D’autre part, lorsque le livre rentre dans le vif du sujet, à partir de la deuxième partie qui porte sur la chute du dictateur, le propos devient complotiste : la thèse de J. Ping est que les Occidentaux, Européens en tête, voulaient tuer Kadhafi et qu’ils ont fait débuter leur opération le jour même où l’UA, qui avait réussi à convaincre le Guide libyen de partir, devait mettre en place son plan, précisément pour empêcher cette résolution pacifique de la crise. Comme nous le verrons, cette thèse est douteuse. Elle repose en outre sur un anti-occidentalisme primaire et un arrière-fond pacifiste qui rendent le livre trop excessif pour être juste. Il n’a d’ailleurs pas suscité d’attention particulière dans la presse, au-delà du Monde diplomatique et de L’Humanité qui ont ouvert leurs colonnes à l’auteur, ni d’influence dans les cercles politiques.

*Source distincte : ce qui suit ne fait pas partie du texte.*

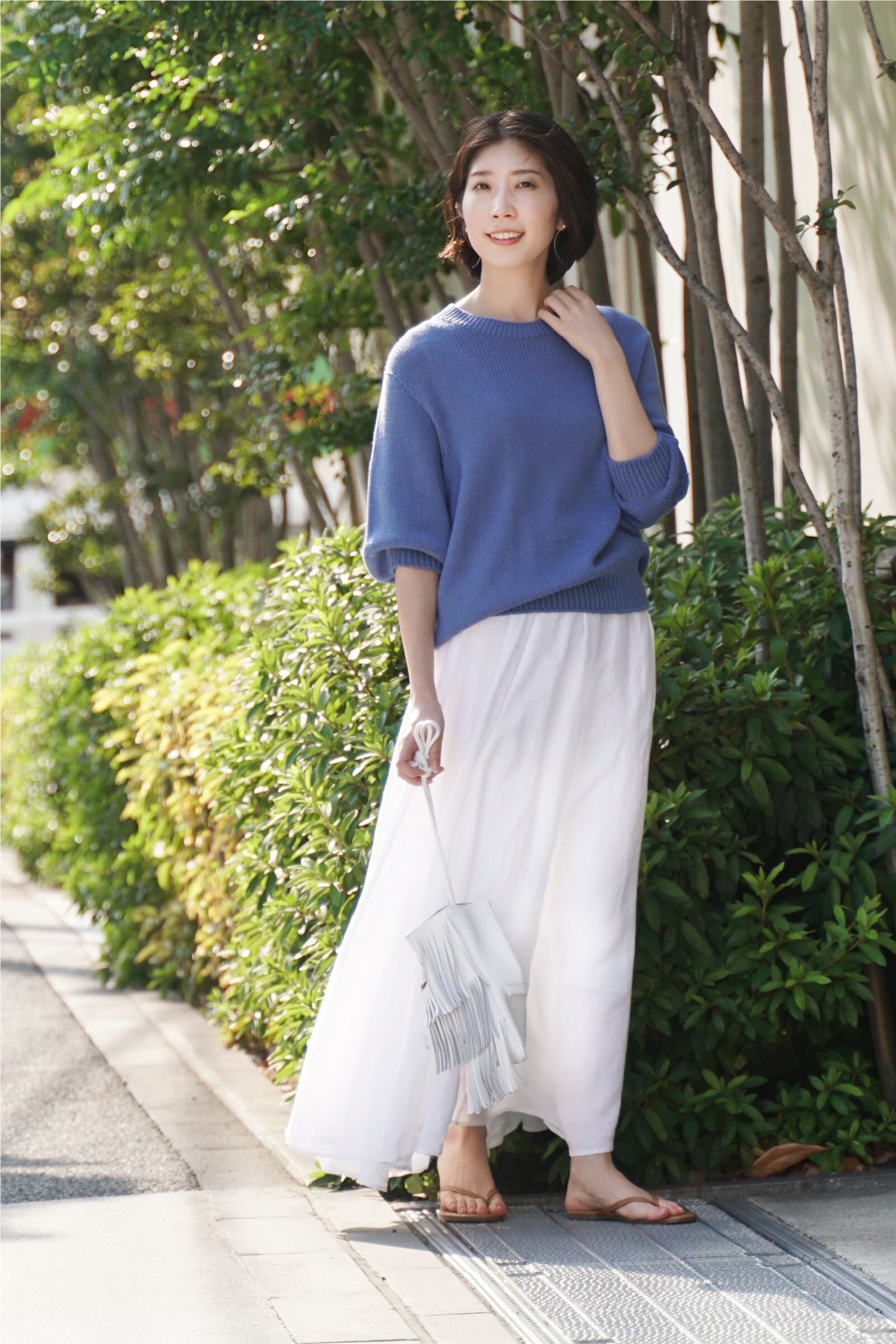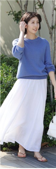 スタッフコーデはこちら存在感のあるスカートに鮮やかなブルーニットのコーディネート。カジュアルなカラーに見える濃い色のブルーには、ホワイトのロングスカートで清涼感を与え、素肌感のあるサンダルでコーデを馴染ませるのがポイントです。

Pourquoi dès lors lui accorder de l’intérêt ? Parce que son discours est typique : c’est celui de nombreux pays africains, mais aussi des grands émergents (BRICS) [3], de la Russie en particulier, et d’une part non négligeable d’opinions occidentales. Ce n’est pas tant pour lui-même que cet ouvrage présente un intérêt que pour ce dont il est le symptôme. Il est exemplaire de la critique postcolonialiste de l’intervention en Libye, dont les Syriens ont fait les frais puisque le blocage du Conseil de sécurité dans cette autre situation dramatique est largement justifié en référence au précédent libyen. J. Ping se réjouit d’ailleurs qu’en bloquant toute action en Syrie la Chine et la Russie promeuvent « un certain retour à la souveraineté des États » et se présentent « comme le dernier rempart du droit international » (p. 19). Au-delà même des conflits présents, ce livre est exemplaire de la critique la plus répandue de l’intervention militaire justifiée par des raisons humanitaires, et de toute guerre dite juste. Voilà pourquoi il est important d’en parler, et d’y répondre.
Un brûlot anti-occidental
S’appuyant sans cesse sur l’histoire coloniale – « n’oubliez pas que la colonisation, c’est eux, le concept de ‘race supérieure’ pour justifier l’esclavage et la traite négrière, c’est eux. Le Vietnam et l’Algérie, c’est encore eux » (p. 145) –, l’auteur renverse l’essentialisme du discours colonial pour caricaturer les Européens d’aujourd’hui comme des sauvages, « des indécrottables va-t-en-guerre qui, après s’être tapé dessus pendant des siècles », s’entendent désormais « pour se jeter à bras raccourcis sur nous et assouvir ainsi leurs traditionnelles pulsions guerrières » (p. 104). Il décrit une « Europe qu’anime constamment l’esprit de violence, de punition et de vengeance [qui] ne semble pas avoir beaucoup évolué (…) depuis Jules César et Vercingétorix » (p. 156). Et surtout il attribue aux Occidentaux tous les maux du continent africain, du chaos somalien à la tragédie des Grands lacs « avec à la clé 6 millions de morts en RDC et un génocide au Rwanda » (p. 149), sans explication.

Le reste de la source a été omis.